As data becomes an integral part of everyday life, we must question who wields its power
These days data science is a form of power, argue Catherine D'Ignazio and Lauren F. Klein, authors of Data Feminism. This power has a great potential for good on the one hand, and an equal potential for harm on the other—which begs the question: Who controls our data, and for whom are they collecting it?
Today we’re showcasing four recent books that are united in their arguments that data be appropriately collected, collated, and used to benefit society, particularly disenfranchised communities: Data Feminism by Catherine D’Ignazio and Lauren F. Klein, Data Action by Sarah Williams, Child Data Citizen by Veronica Barassi, and Democratizing our Data by Julia Lane. It’s worth noting, particularly as women’s history month comes to a close, that while the field of data science is overwhelmingly dominated by white men, each of these visionary books is written by women.
In Catherine D'Ignazio and Lauren F. Klein’s Data Feminism, the authors present a new way of thinking about data science and data ethics that is informed by intersectional feminist thought. Data Feminism offers strategies for data scientists seeking to learn how feminism can help them work toward justice, and for feminists who want to focus their efforts on the growing field of data science. But the book is about much more than gender. It is about power, who has it and who doesn't, and how those differentials of power can be challenged and changed.
"Anyone who works with data—and all scientists do, of course—will benefit from reading this book,” writes American Scientist. “But the readers who may gain the most from it are those who are trying to use data in the public interest. Data Feminism does such a good job of integrating theories and projects across several fields that it will likely become a touchstone for teaching data science that goes beyond data ethics."
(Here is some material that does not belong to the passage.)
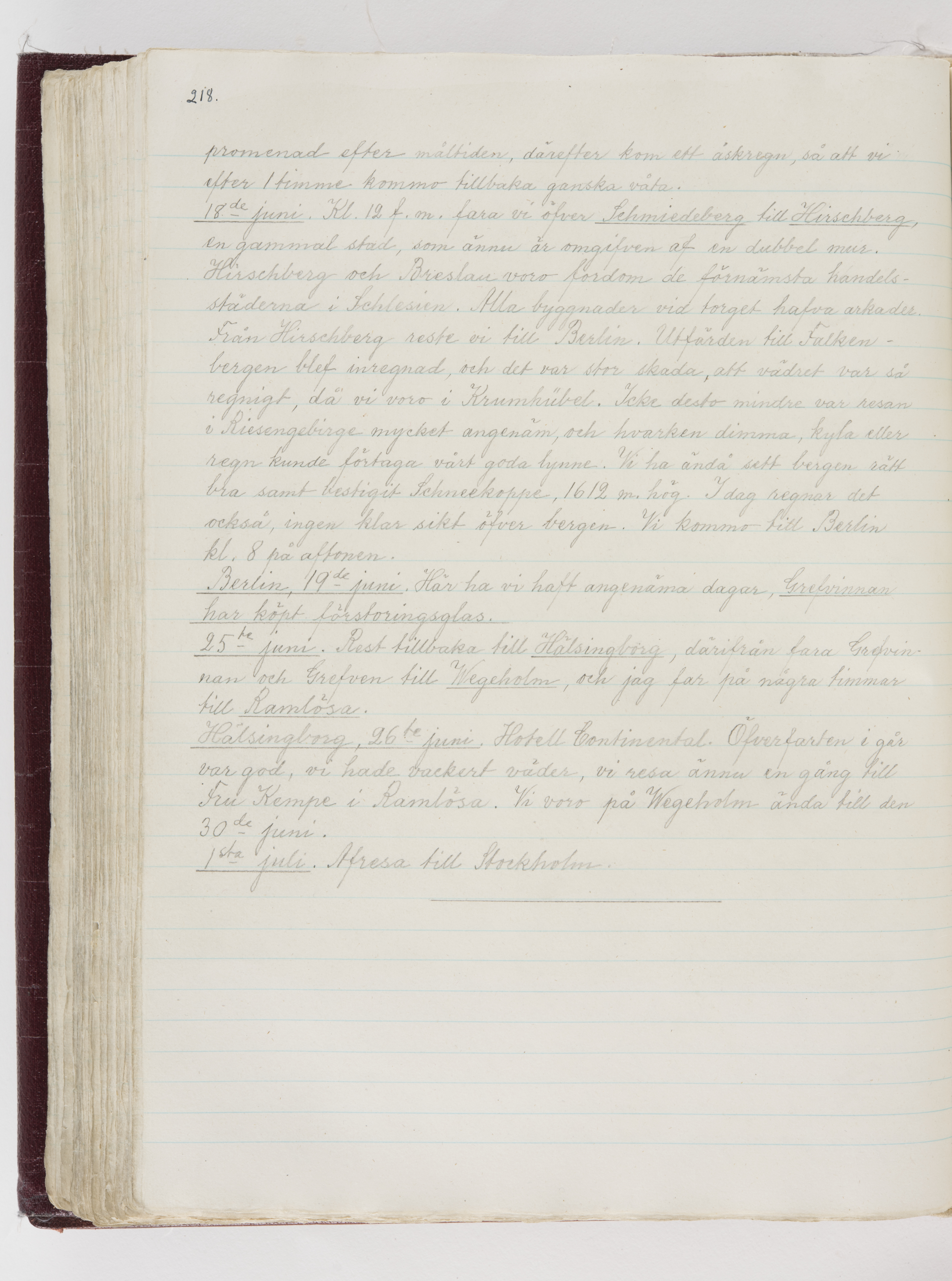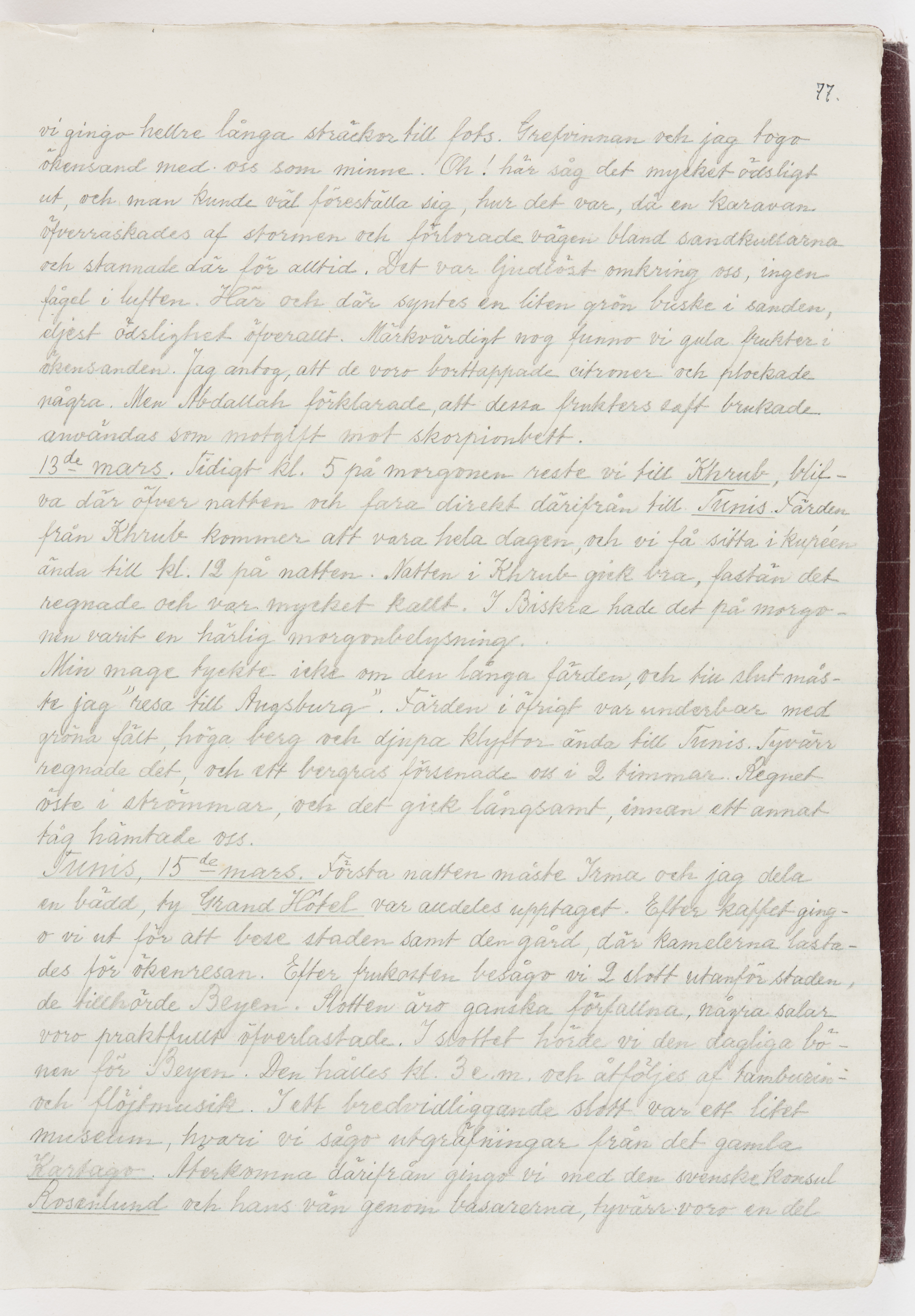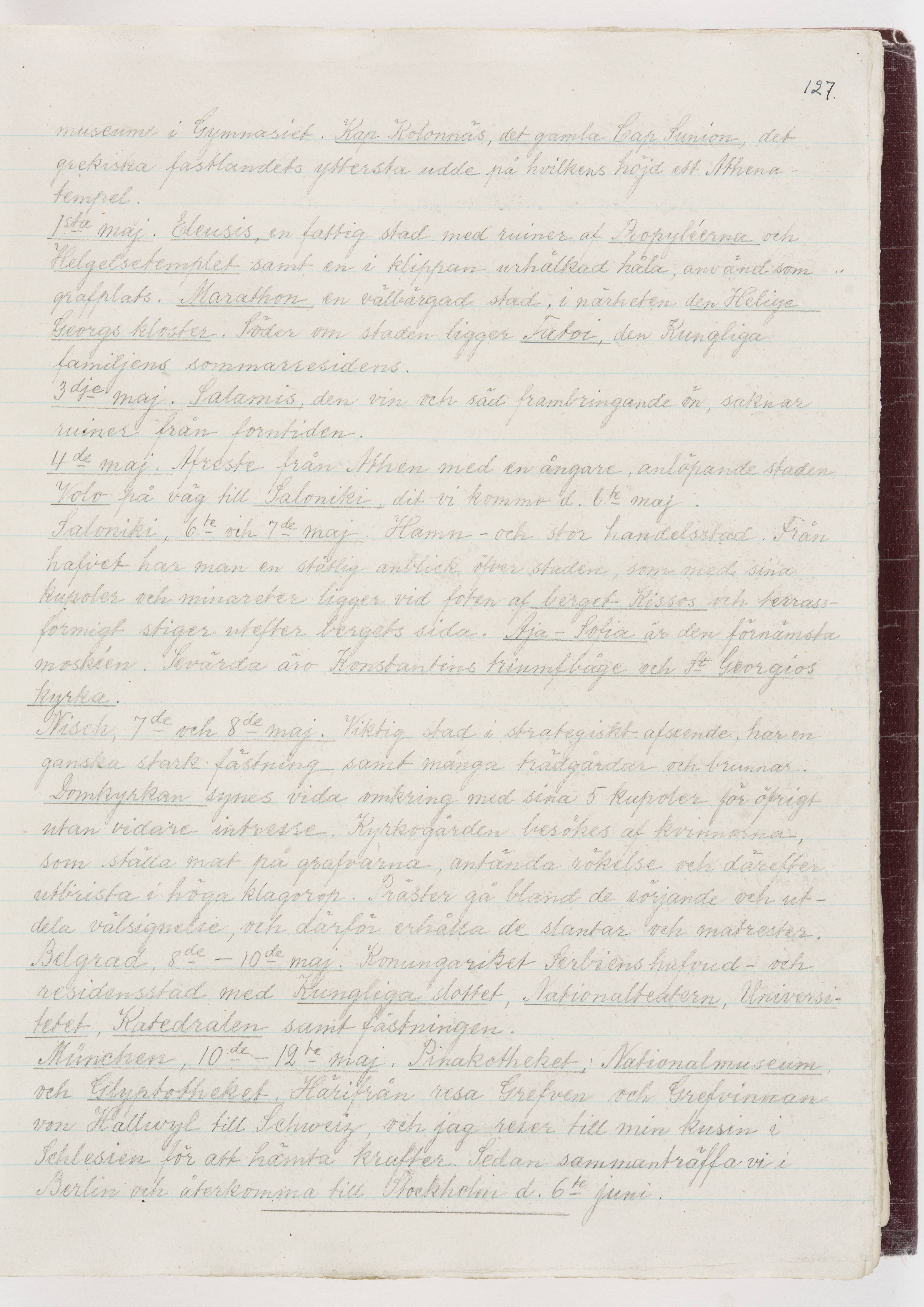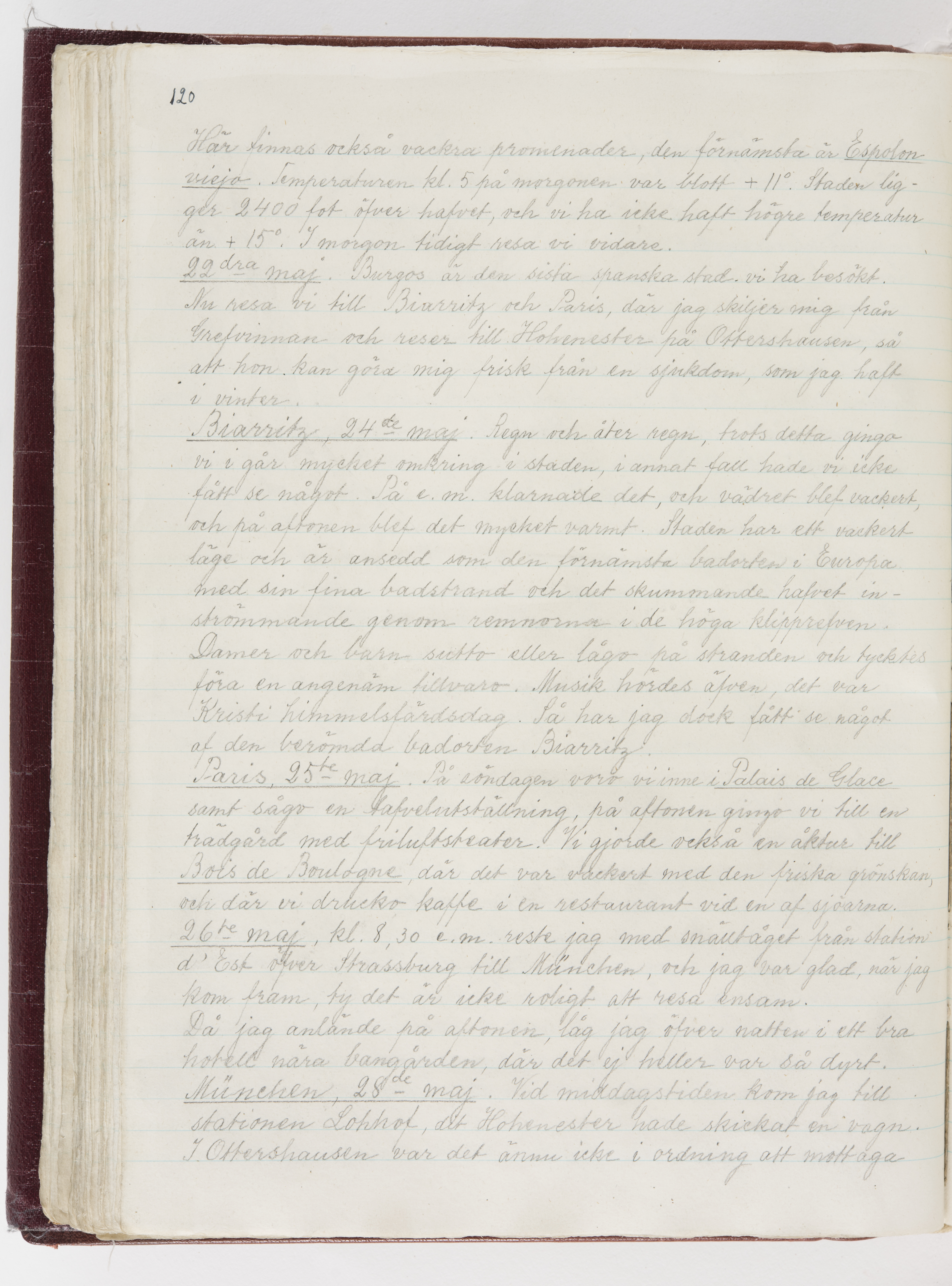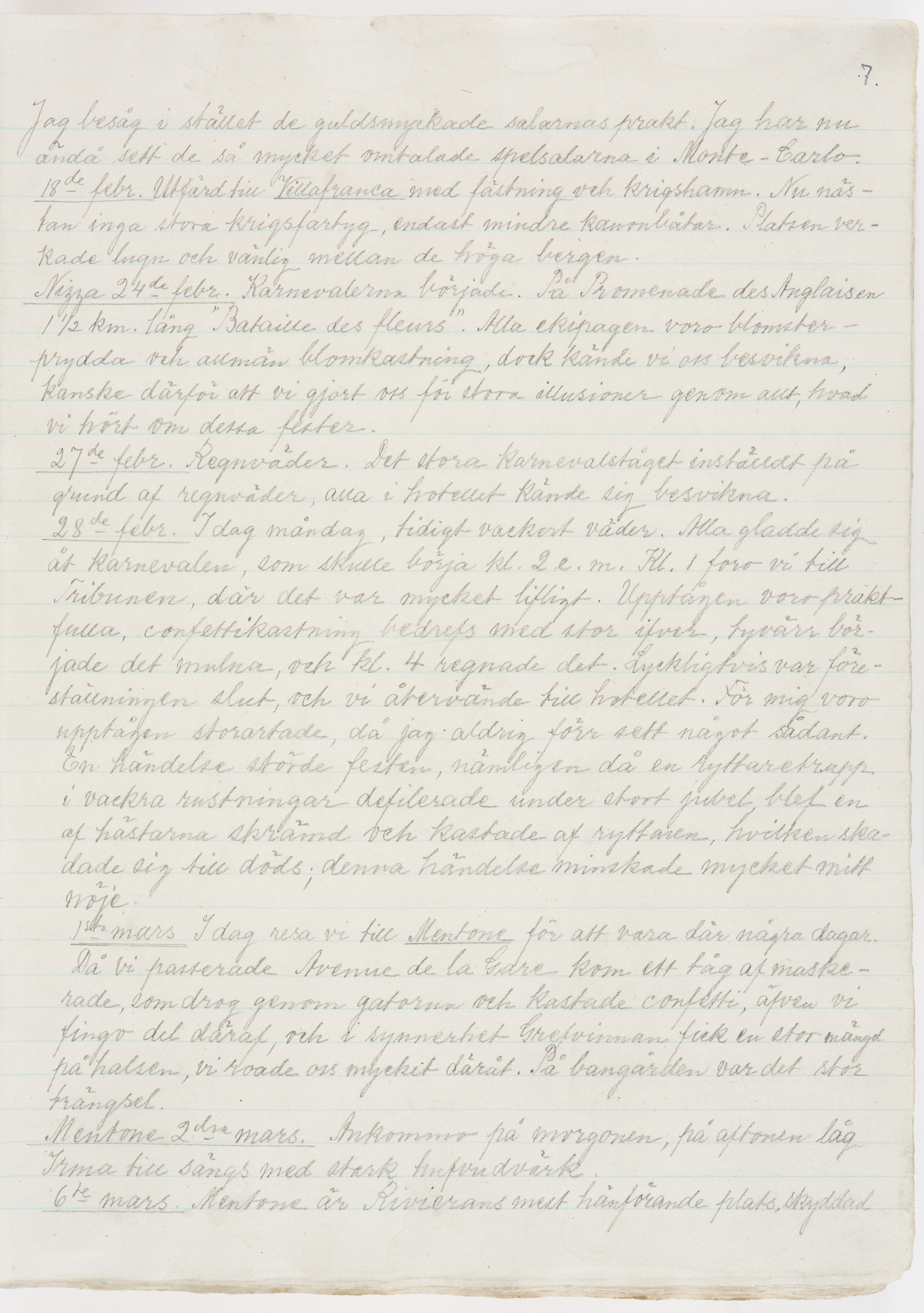 Översättning till svenska språket av dagbok skriven på tyska språket av Ida Uhse under resor tillsammans med Walther och Wilhelmina von Hallwyl åren 1880-1918 samt företeckning över fynd, gåvor och inköpta föremål under resorna åren 1881-1918. Av Signe Berglöf. 309 s. Skrivet med blyerts. Band (helt skinn-). Av brun >>oasis morocco>>, bundet med dubble ansättning och >>knäpprygg>>. Kapitäl av gult sämskskinn. Försättsblad av läderimitationspapper i brunt och svart. Fals av röd klot. 32*25*4,8 cm. Bundet av bokbindaren Otto Olsson.

In Data Action: Using Data for Public Good, author Sarah Williams dives deep into the concept of using data for public interest. As she argues, data inevitably represents the ideologies of those who control its use; data analytics and algorithms too often exclude women, the poor, and ethnic groups.
Williams provides a guide for working with data in more ethical and responsible ways, outlining a method that emphasizes collaboration among data scientists, policy experts, data designers, and the public.
Child Data Citizen: How Tech Companies Are Profiling Us from before Birth by Veronica Barassi offers an examination of the datafication of family life—in particular, the construction of children into data subjects. Children are datafied even before birth, Barassi argues, with pregnancy apps and social media postings, and then tracked through childhood with learning apps, smart home devices, and medical records.
Barassi draws on a three-year research project to examine the construction of children into data subjects, describing how their personal information is collected, archived, sold, and aggregated into unique profiles that can follow them across a lifetime.
Julia Lane in her book Democratizing Our Data: A Manifesto writes that public data are foundational to our democratic system. People need consistently high-quality information from trustworthy sources. In the new economy, wealth is generated by access to data; the government's job is to democratize the data playing field. Yet data produced by the American government are getting worse and costing more. In Democratizing Our Data, Julia Lane argues that good data are essential for democracy and she outlines an organizational model that has the potential to make data more accessible and useful. As she says, failure to act threatens our democracy.
“Lane has been sounding the alarm about the failures of the federal data system for a while,” said Emily Taber, Economics, Finance, and Business Acquisitions Editor at the MIT Press. “Democratizing Our Data offers a vision of how these problems can be solved.”